Columbia Grammar ditched plans for a glass enclosure opposed by neighbors of the school, which owns several buildings on West 94th Street between Columbus Avenue and Central Park West.
At an October community board meeting, nearby residents told board members that the project would disrupt the character of the “donut”—the collective backyards of a landmarked block that forms a rectangle of green space.
Residents also complained that a glass-enclosed school space would add intrusive light after school hours and allow kids to play right outside their windows.
The newly-planned 16-foot brick enclosure addresses those complaints, said Howard Weiss, a lawyer and spokesperson for the school.
“Columbia Grammar, in deference to those concerns, went back and studied an alternative,” Weiss said. “The children could gather inside the enclosed, covered space.”

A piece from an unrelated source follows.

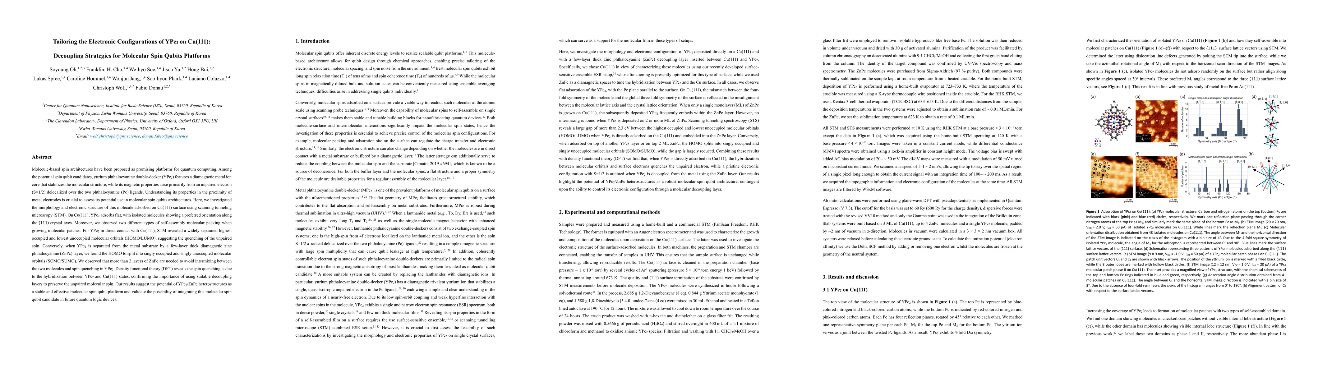 The paper presents a detailed analysis of YPc2 electronic configurations on Cu(111) and the role of decoupling layers (ZnPc) in preserving molecular spins, crucial for spin-based qubits.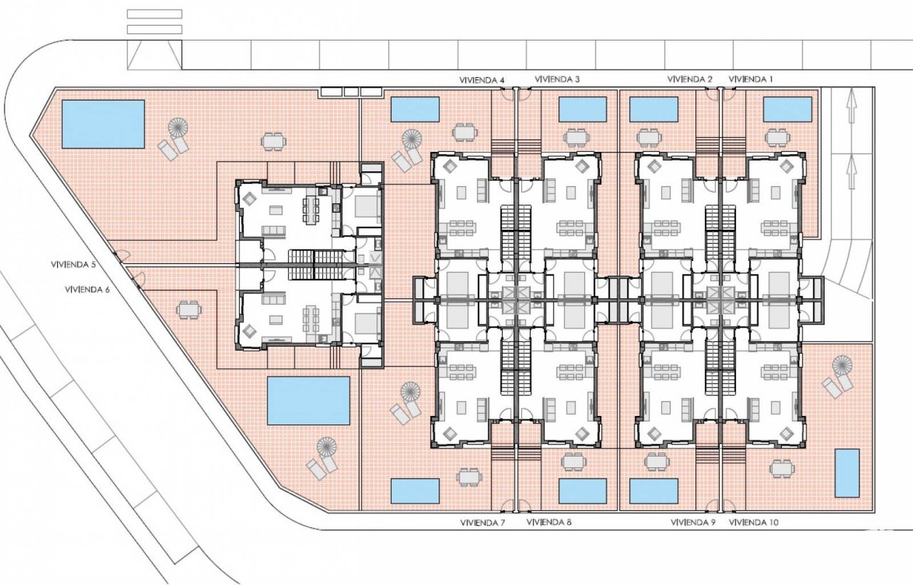 In dem relativ unbekannten Dorf Bigastro werden diese neuen Doppelhaushälften gebaut. Die geräumigen Häuser verfügen über nicht weniger als 4 Schlafzimmer und 3 Badezimmer, verteilt auf 2 Etagen. Unter dem Haus befindet sich der Keller, in dem sich eine Garage von mindestens 36 m² befindet. Die Gärten sind groß genug für einen privaten Swimmingpool, es gibt jedoch auch einen schönen Gemeinschaftspool. Und das Tüpfelchen auf dem i: Alle Häuser verfügen über eine private Dachterrasse mit kilometerweiter Aussicht. Kontaktieren Sie uns, um Ihren Besuch zu organisieren oder uns Ihre Fragen zu stellen.

The school will also strip layers of paint on the building to bring out the original brick façade.
“[The extension] will have a feel of the original building,” Weiss said.
This project is similar to several others that prompted residents to complain about rear-yard expansions of Upper West Side schools.

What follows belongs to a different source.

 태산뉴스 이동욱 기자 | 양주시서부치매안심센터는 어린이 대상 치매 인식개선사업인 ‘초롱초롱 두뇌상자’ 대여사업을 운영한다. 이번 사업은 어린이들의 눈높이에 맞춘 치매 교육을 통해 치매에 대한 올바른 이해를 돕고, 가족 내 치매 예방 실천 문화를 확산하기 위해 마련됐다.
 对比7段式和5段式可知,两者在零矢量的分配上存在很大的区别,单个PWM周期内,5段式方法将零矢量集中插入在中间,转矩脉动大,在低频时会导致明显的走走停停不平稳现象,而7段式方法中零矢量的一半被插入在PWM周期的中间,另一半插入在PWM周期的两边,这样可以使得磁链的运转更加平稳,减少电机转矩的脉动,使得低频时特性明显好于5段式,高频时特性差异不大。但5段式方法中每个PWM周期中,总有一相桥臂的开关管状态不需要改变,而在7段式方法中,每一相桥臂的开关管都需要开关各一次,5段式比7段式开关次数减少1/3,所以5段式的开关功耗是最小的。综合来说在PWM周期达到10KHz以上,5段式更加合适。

The full board is slated to vote on the project at the Jan. 5, 2010 meeting. Board decisions, however, are advisory. The Landmarks Preservation Commission will officially approve or reject the plan.
School Worker Assaulted
A school safety agent was hit Dec. 7 at 9:49 a.m. after she broke up a fight between two students at Brandeis High School, at 145 W. 84th Street between Columbus and Amsterdam avenues. Police said that, after the fight, one of the teens turned his ire on the agent and struck her in the chest. The 17-year-old teen was arrested for assault.
REMEMBERING LONG TIME PRINCIPAL
Sidney H. Morison, a longtime educator and principal of P.S. 84 the Lillian Weber School, may be immortalized on an Upper West Side street.

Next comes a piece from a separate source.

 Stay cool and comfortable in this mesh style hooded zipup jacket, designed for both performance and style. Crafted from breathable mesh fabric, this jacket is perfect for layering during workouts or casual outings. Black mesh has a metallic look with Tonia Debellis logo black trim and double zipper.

The pioneering principal led the school for 26 years, from 1969 to 1995. He died Oct. 16 at the age of 77.
His wife, Jacqueline, is planning to request that Community Board 7 honor Morison by renaming West 92nd Street between Central Park West and Columbus Avenue, where P.S. 84 is located. His widow said she wanted to rename something after Morison, who was an education advocate and pioneer of dual-language education.
“What better thing than to rename the street where the school is,” she said. “He had this thing about the community, for the underdog, for social justice.”
Morison, a Bronx native, moved to the Upper West Side to attend Columbia University. He taught math at Joan of Arc High School on West 93rd Street before becoming chair of the mathematics department.
“Sid Morison was a man who believed that all children could learn, and made that belief a reality,” wrote Hannah Hess, an education author, in a letter to Community Board 7. “It would be only fitting to have the street on which the school is located named for Sid Morison.”